Problem description: Your task is to output the listing word for word, with pictures excluded.

Dataset section:
◇ ◇ ◇ ◇ ◇ ◇ ◇
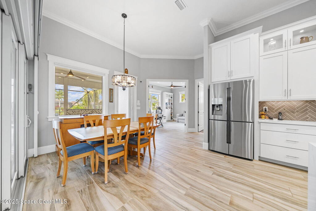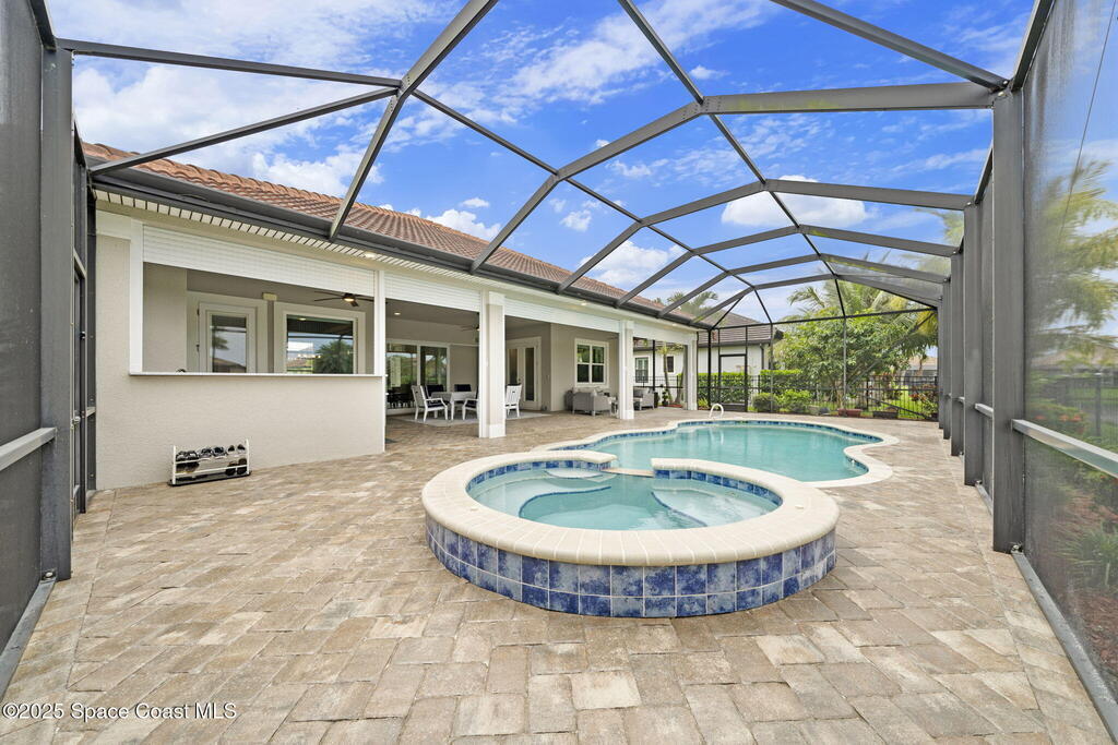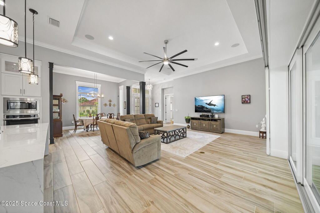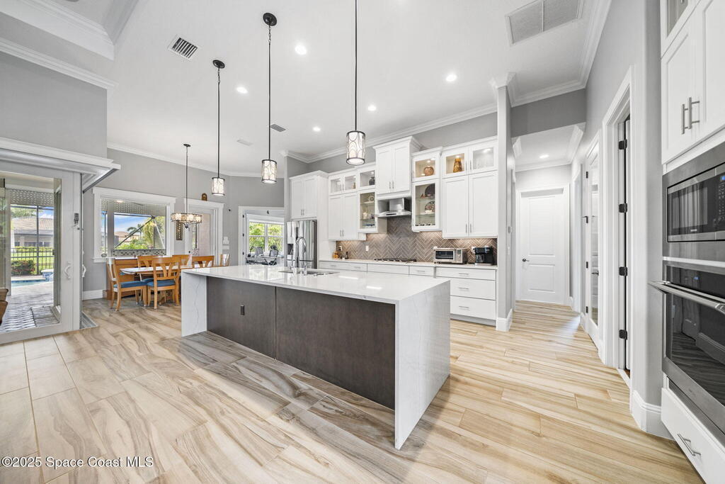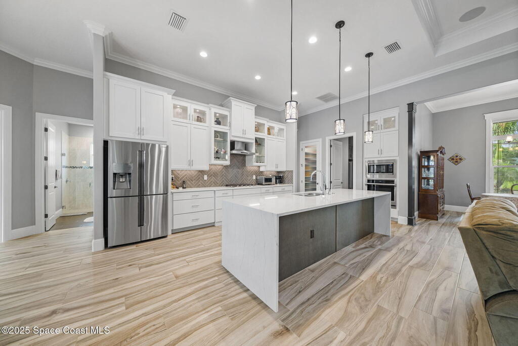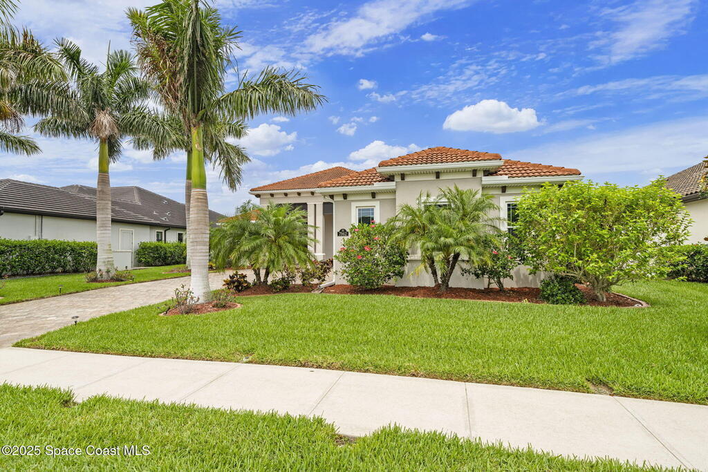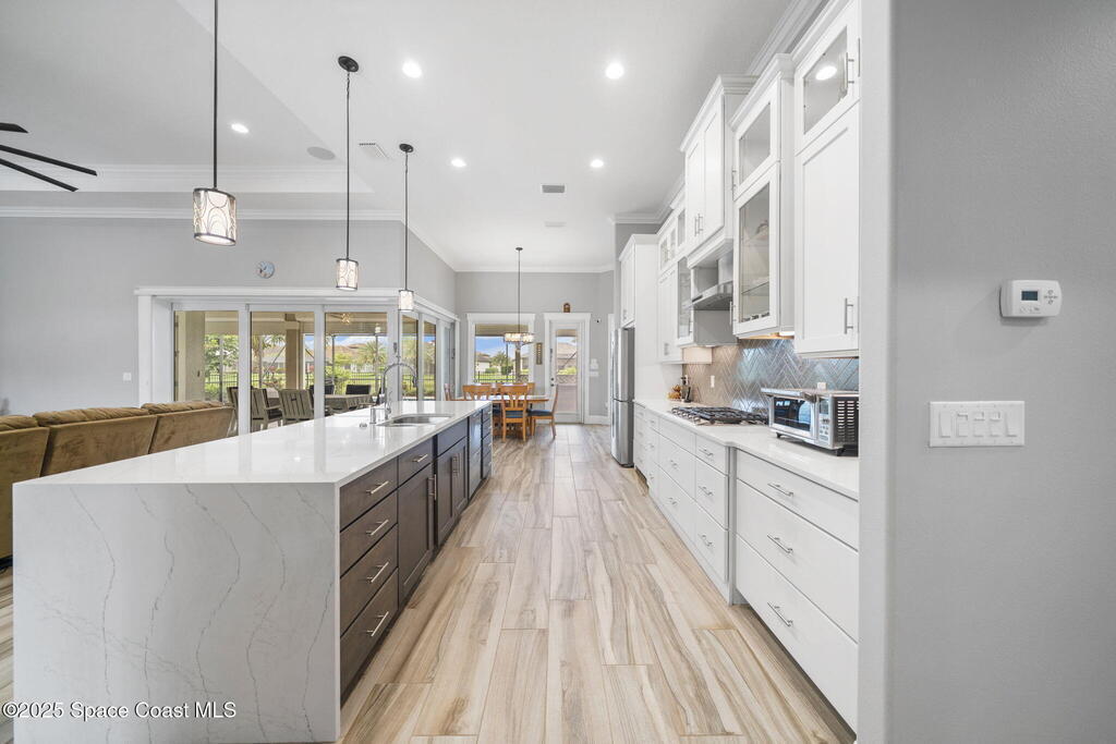 Welcome to luxury living in the heart of Viera! Located in the exclusive gated community of Seville at Addison Village, this stunning 3-bed, 3-bath, pool home with a flex room/office and 3-car garage is the epitome of Florida elegance and comfort! Built in 2018, this home boasts an impressive open-concept layout with soaring ceilings, elegant crown molding, and custom oversized baseboards. The designer kitchen is a showstopper, featuring crisp white shaker cabinetry, quartz countertops, stainless steel appliances, and a large center island perfect for entertaining. Beautiful plank tile flooring flows throughout the entire home, enhancing the home's clean and cohesive style. The spacious primary suite is your private retreat, complete with dual quartz vanities, a large glass-enclosed walk-in shower, his & her walk-in closets, and private access to the lanai. Step outside to your personal backyard oasis--a screened lanai and pool area designed for year-round enjoyment. IMPACT WINDOWS
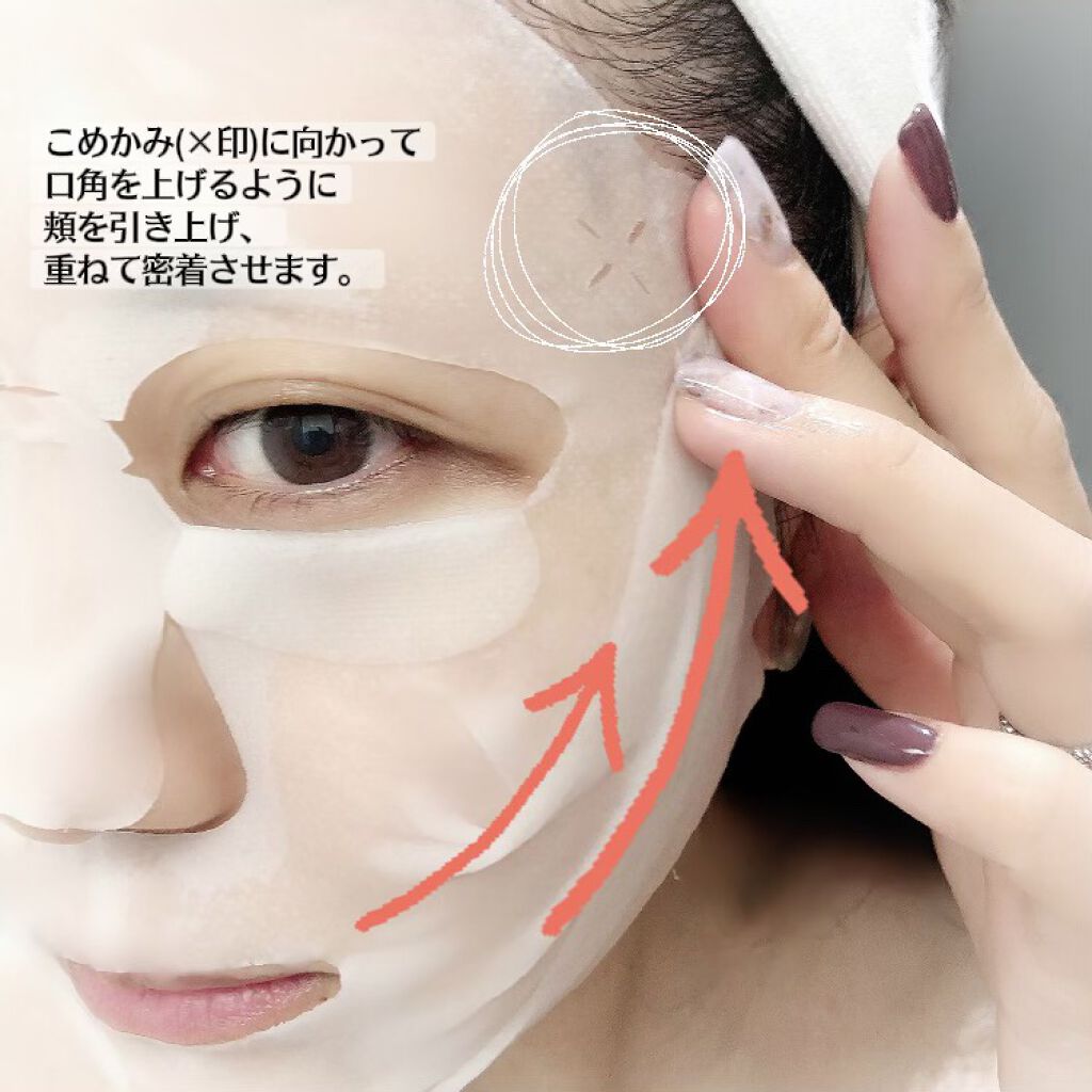 - 口角から頬全体へ引き上げながら密着させ、ホールド。うるおって、ハリとツヤに満ちた肌へ導くシートマスク。頬・口角バンドとフェースラインバンドをこめかみに向かって引き上げて、笑顔の形状へ。密着性が高く、肌の動きに追随する濃密セラムに浸した高密着マスクで、約10分間のお手入れの間中、動き回ってもずれないホールド力を実現。心地よいお手入れタイムで、気分までも引き上げるよう。
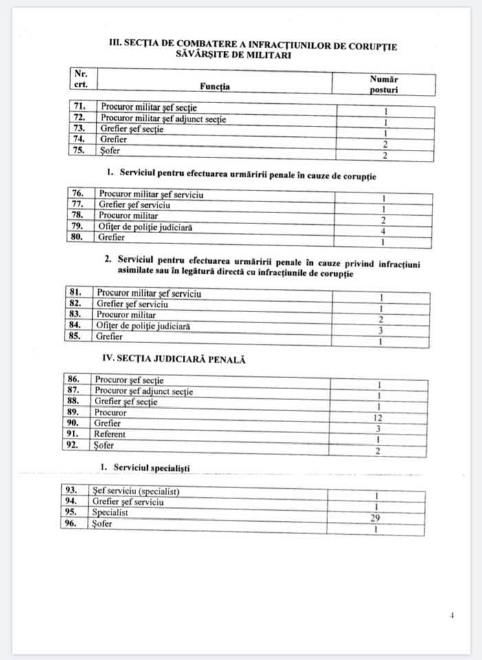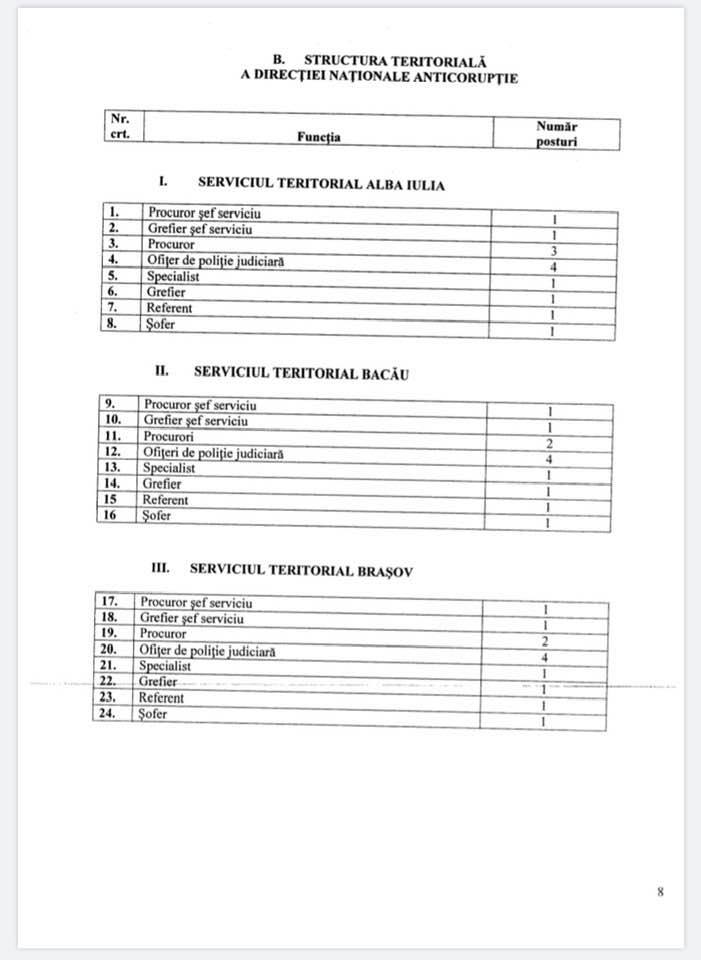 De observat că Serviciul pe magistrați din DNA a fost mai important ca alocare de resurse decât: combaterea corupției în administrația centrală, infracțiunile din achizițiile publice, prejudiciile aduse bugetului public, frauda din fonduri UE, infracțiunile săvârșite de militari, și câteva dintre serviciile teritoriale ale DNA. De altfel, ulterior Secția pe militari din DNA a fost trasformată în Serviciu, pentru că Secția pe infracțiunile săvârșite de militari deranja SRI.
◇ ◇ ◇ ◇ ◇ ◇ ◇
Expected answer:
 Welcome to luxury living in the heart of Viera! Located in the exclusive gated community of Seville at Addison Village, this stunning 3-bed, 3-bath, pool home with a flex room/office and 3-car garage is the epitome of Florida elegance and comfort! Built in 2018, this home boasts an impressive open-concept layout with soaring ceilings, elegant crown molding, and custom oversized baseboards. The designer kitchen is a showstopper, featuring crisp white shaker cabinetry, quartz countertops, stainless steel appliances, and a large center island perfect for entertaining. Beautiful plank tile flooring flows throughout the entire home, enhancing the home's clean and cohesive style. The spacious primary suite is your private retreat, complete with dual quartz vanities, a large glass-enclosed walk-in shower, his & her walk-in closets, and private access to the lanai. Step outside to your personal backyard oasis--a screened lanai and pool area designed for year-round enjoyment. IMPACT WINDOWS
 - 口角から頬全体へ引き上げながら密着させ、ホールド。うるおって、ハリとツヤに満ちた肌へ導くシートマスク。頬・口角バンドとフェースラインバンドをこめかみに向かって引き上げて、笑顔の形状へ。密着性が高く、肌の動きに追随する濃密セラムに浸した高密着マスクで、約10分間のお手入れの間中、動き回ってもずれないホールド力を実現。心地よいお手入れタイムで、気分までも引き上げるよう。
 De observat că Serviciul pe magistrați din DNA a fost mai important ca alocare de resurse decât: combaterea corupției în administrația centrală, infracțiunile din achizițiile publice, prejudiciile aduse bugetului public, frauda din fonduri UE, infracțiunile săvârșite de militari, și câteva dintre serviciile teritoriale ale DNA. De altfel, ulterior Secția pe militari din DNA a fost trasformată în Serviciu, pentru că Secția pe infracțiunile săvârșite de militari deranja SRI.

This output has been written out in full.